Personal information
- Born: October 4, 1984 (age 41) Weston, Nebraska, U.S.
- Listed height: 6 ft 5 in (1.96 m)
- Listed weight: 245 lb (111 kg)

Career information
- High school: Bishop Neumann (Wahoo, Nebraska)
- College: Nebraska–Omaha
- NFL draft: 2009: 6th round, 180th overall pick

Career history
- Jacksonville Jaguars (2009–2012); Tampa Bay Buccaneers (2013)*; Chicago Bears (2014–2018);
- * Offseason or practice squad member only

Career NFL statistics
- Receptions: 146
- Receiving yards: 1,631
- Receiving touchdowns: 15
- Stats at Pro Football Reference

= Zach Miller (tight end, born 1984) =

American football player (born 1984)

Zachary Scott Miller (born October 4, 1984) is an American former professional football player who was a tight end in the National Football League (NFL). He played college football as a quarterback and tight end for the Nebraska–Omaha Mavericks.
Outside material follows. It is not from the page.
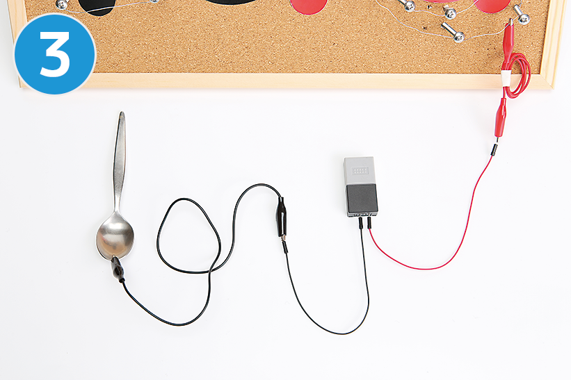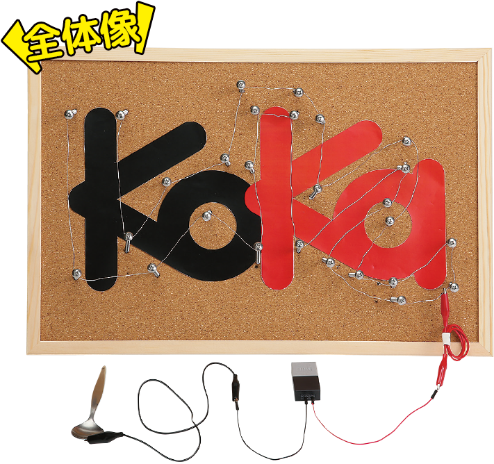ジャンパーワイヤーのもう一端にミノムシクリップをつなぐ。ミノムシクリップの先は、片方は手で持てるスプーンに、もう片方は迷路の針金につなぐ。

He was selected by the Jacksonville Jaguars in the sixth round of the 2009 NFL draft. During his NFL career, Miller struggled with various injuries that prevented him from significant playing time. From 2009 to 2011 with the Jaguars, he started only five games with 33 appearances, followed by a brief stint with the Tampa Bay Buccaneers that also resulted in injury. He joined the Chicago Bears in 2014, where he was on injured reserve during his first season. In 2015, Miller enjoyed a breakout season as he appeared in 16 games and recorded five touchdowns, but had further season-ending injuries in subsequent years.

In a 2017 game against the New Orleans Saints, he suffered a complete knee dislocation while attempting to catch a potential touchdown pass. The injury was severe and threatened potential leg amputation, but successful surgeries saved the limb. He retired from football in April 2019 after missing the entire 2018 season.

==Early life==
As a three-sport athlete at Bishop Neumann High School in Wahoo, Nebraska, Miller earned all-state honors as a senior and earned honorable mention all-state honors in basketball. He also won two state basketball championships with Bishop Neumann.

In football, Miller only played on the varsity team during his senior year, having broken his collarbone twice in his junior year. In 2002, Bishop Neumann won the Class C-1 state championship when they defeated Gothenburg High School 28–13 in the title game; after having −8 rushing yards in the first half, Miller recorded 149 rushing yards and two touchdowns to lead the Cavaliers to their first title since 1977. He ended the year with school records in passing (1,200) and rushing yards (980).

==College career==
Miller initially attended the University of Nebraska–Lincoln, where he was a walk-on for the Nebraska Cornhuskers football team. After redshirting his freshman year, he decided to transfer to the University of Nebraska–Omaha in December 2004.

At Nebraska–Omaha, he joined the Division II Nebraska–Omaha Mavericks football team. During the 2005 season, he started as backup, and alternated at quarterback from mid-season on. He threw for 322 yards and one touchdown, and rushed for 141 yards on 29 carries, scoring three touchdowns.

In 2006, he was a regional finalist for the Harlon Hill Trophy. He was named NCC offensive player of the week three times. He rushed for 1098 yards and scored 19 touchdowns, being named the NCC Offensive MVP.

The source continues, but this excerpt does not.